Investimento mortale sulle strisce pedonali

Un tragico incidente è avvenuto in via Carnia a Milano. Un uomo di 39 anni ha investito due sorelle anziane. Le donne, di 70 e 75 anni, attraversavano sulle strisce pedonali. L'impatto è stato fatale per la sorella maggiore.

La vittima, identificata come Alfonsa Curiale, si trovava a Milano per assistere la sorella. Quest'ultima era malata e risiede nella capitale lombarda. Alfonsa Curiale era originaria di Joppolo Giancaxio, in provincia di Agrigento. In passato aveva diretto la biblioteca comunale del suo paese.

Fuga dopo l'incidente e confessione

Dopo l'investimento, il conducente è fuggito senza prestare soccorso. Le due anziane sono state trovate in strada. La più anziana è deceduta sul colpo. La sorella minore ha riportato ferite gravi. L'uomo si è poi costituito alla Polizia locale.

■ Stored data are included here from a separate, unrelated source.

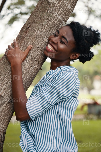Очаровательная чернокожая женщина обнимает дерево
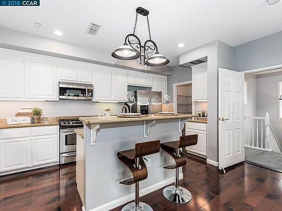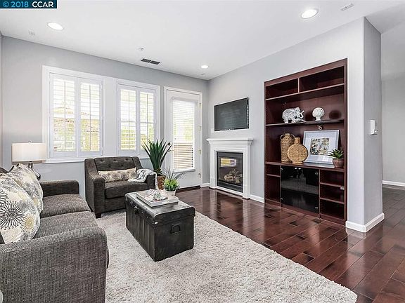 Modern and contemporary townhome with spacious and openflow living space. The living room features a gas fireplace, built-in shelving and private outdoor balcony. Downstairs has beautiful engineered hardwood floors throughout and plush carpeting in the downstairs bedroom and hall. The kitchen features ample cabinet storage, granite counters, breakfast bar, large walk-in pantry, stainless steel appliances including gas range stove, built-in microwave and refrigerator. There is a full bedroom and bathroom on the main living floor. Upstairs has a master suite with extensive master bath and generous closet space. The 2nd upstairs bedroom is a semi-master suite with it's own full bath attached. Downstairs is a full laundry room with washer/dryer included. There is a finished, large 2 car tandem garage. Great location with easy access to 580/680, BART station/public transit, shopping, restaurants and parks. Courtyards at Dublin Ranch Villages includes pool, clubhouse, gym, parks!
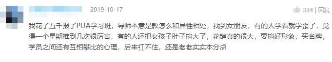 一位参加过PUA培训班的网友评论:“我花了五千报了PUA学习班,导师本意是教怎么和异性相处,找到女朋友,有的人学着就学歪了,觉得一个星期推倒几次很厉害,有的人还把女孩子肚子搞大了,花销真的很大,要搞好形象,买名牌,学员之间还有互相攀比的心理,(我)后来扛不住,还是老老实实本分点。”
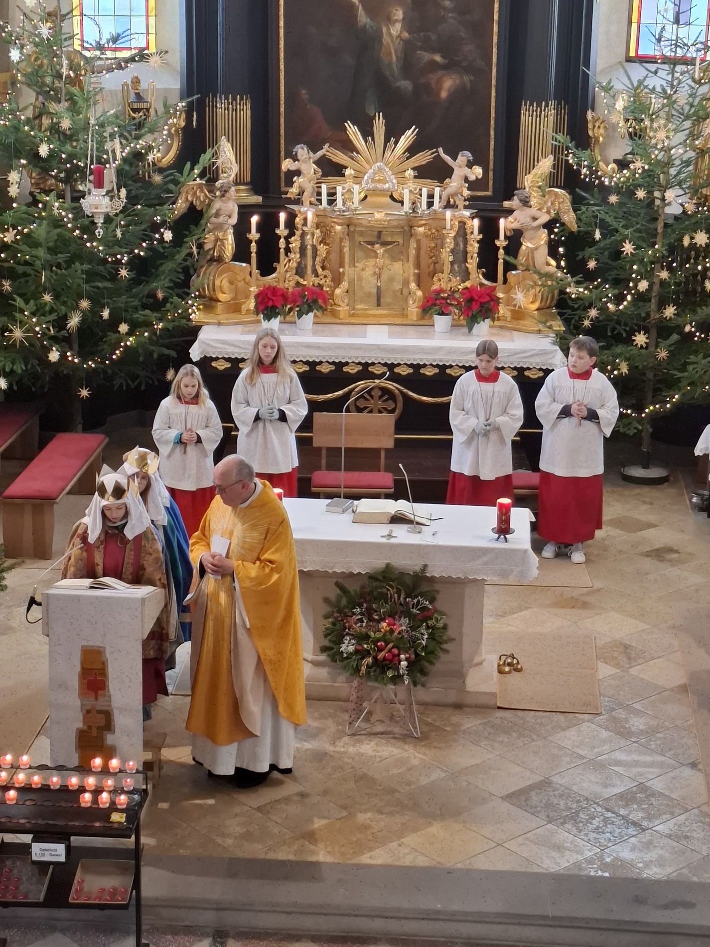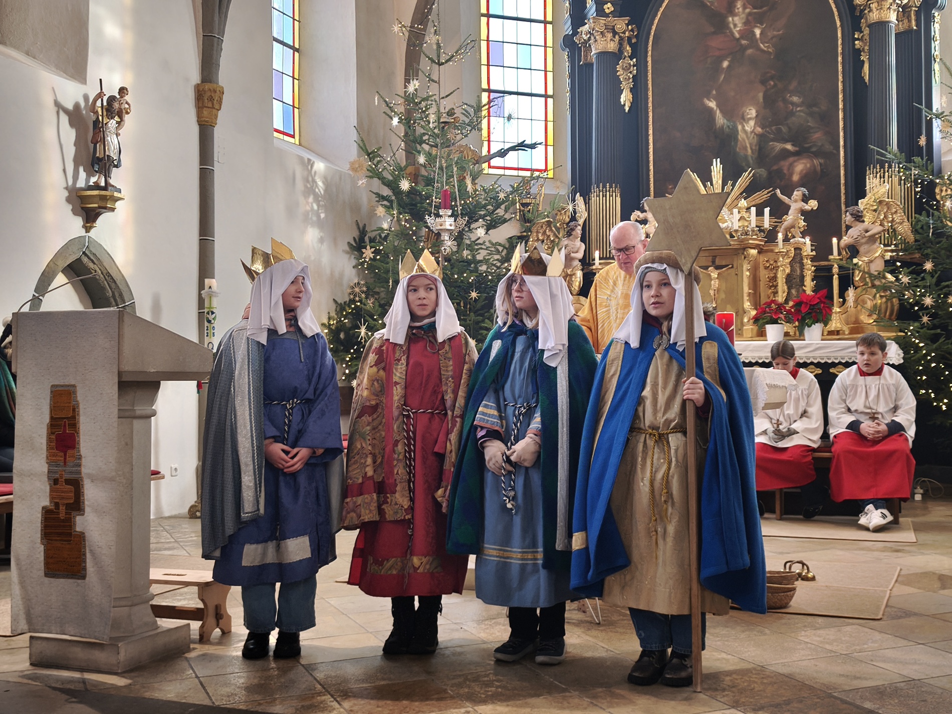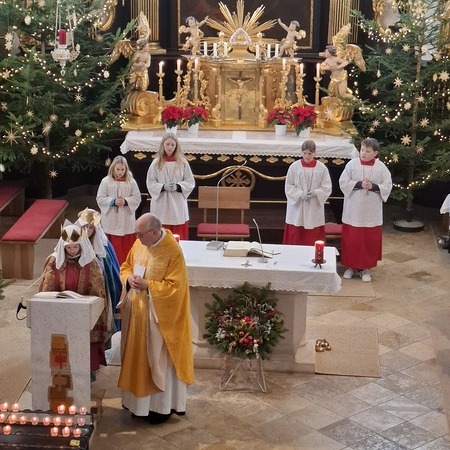Unter einem guten Stern stand das heutige Hochamt zum Festtag "Erscheinung des Herrn" - musikalisch begleitet vom Kirchenchor mit Teilen der "Missa a tre voci" von Michael Haydn und von einer Sternsingergruppe der Jungschar. Wir freuen uns über eine großartiges Spendenergebnis von mehr als EUR 8.000,-, die "ersungen" wurden.

La sua decisione di presentarsi è avvenuta su consiglio dei genitori. Al momento della resa, è risultato positivo ai test. I controlli hanno evidenziato la presenza di alcol e stupefacenti nel suo organismo. Questo ha aggravato la sua posizione.

Richiesta di carcere e riserva del gip

Il Pubblico Ministero ha richiesto il carcere per l'uomo. Le accuse mosse sono pesanti: omicidio stradale, omissione di soccorso e guida in stato di ebbrezza e sotto l'effetto di stupefacenti. L'udienza di convalida si è svolta in tribunale.

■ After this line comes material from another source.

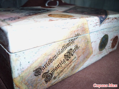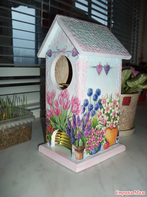 Вот такой домик мне папа смастерил, а купюрницу декупажила по готовой заготовке, пробовала для себя новые техники + двушаговый лак, затирала обычными тенями для век))
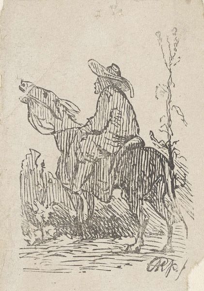 Editor: This is "Man on Horseback," an engraving by John-Lewis Brown, placing its creation somewhere between 1847 and 1890. It’s currently housed in the Met. I'm immediately struck by the rather stark and lonely impression it gives off, mostly in tones of gray. What’s your take on it? Curator: Lonely is an interesting word. I think Brown captures a feeling more akin to stoicism here. There’s something resolute in the angle of the man’s back, the set of his shoulders. It's a romanticized figure but a little different from many equestrian works. This isn't a conquering hero. Do you get a sense of where he might be going, or what he's doing? Editor: I don't know, but I see the weapon, so, my initial guess is that he's a soldier on patrol or en route to a battle. Curator: Yes, perhaps, or simply on a hunt, since those activities often overlapped historically. What intrigues me are the technical choices Brown makes. He is very focused on this idea of creating many fine lines through engraving; this gives us very nuanced light and shadows. Note the landscape – it's suggested with incredibly economical strokes, almost as an afterthought to the figure and his mount. Does it speak to a particular romantic trope for you? Editor: I think so. It reminds me a little bit of the wandering artist trope in Romanticism - alone and in contemplation. That said, I hadn't even considered the technicality of engraving as being a purposeful choice. Curator: Right! And considering the laborious nature of the engraving process makes the swift, sure strokes describing the landscape even more compelling, don’t you think? Editor: I absolutely agree, thank you for helping me notice what could be easily overlooked!

Il Giudice per le Indagini Preliminari si è riservato sulla decisione. Valuterà la misura cautelare più appropriata. La difesa ha sottolineato lo stato d'animo dell'assistito. Il suo legale, Paolino Ardia, ha dichiarato che l'uomo è «estremamente provato».

L'avvocato ha aggiunto che il suo cliente «sente enormemente la responsabilità delle conseguenze delle sue azioni». Ha specificato che le vittime erano «persone inermi e inconsapevoli». L'uomo ha risposto alle domande del gip. Le sue dichiarazioni si basano sul suo ricordo dell'accaduto.

Le responsabilità e le conseguenze

L'episodio solleva nuovamente il tema della sicurezza stradale. La guida sotto l'effetto di sostanze è una delle principali cause di incidenti gravi. La velocità, l'alcol e le droghe aumentano esponenzialmente il rischio. L'omissione di soccorso aggrava ulteriormente la condotta del responsabile.

La comunità locale è scossa dall'evento. La figura di Alfonsa Curiale, venuta a Milano per prendersi cura della sorella, rende la tragedia ancora più dolorosa. La sua vita è stata interrotta mentre compiva un gesto d'amore e di cura.

Le indagini proseguono per ricostruire l'esatta dinamica dell'incidente. Si attende la decisione del gip riguardo alla custodia cautelare. La giustizia dovrà fare il suo corso per accertare le responsabilità e stabilire la pena.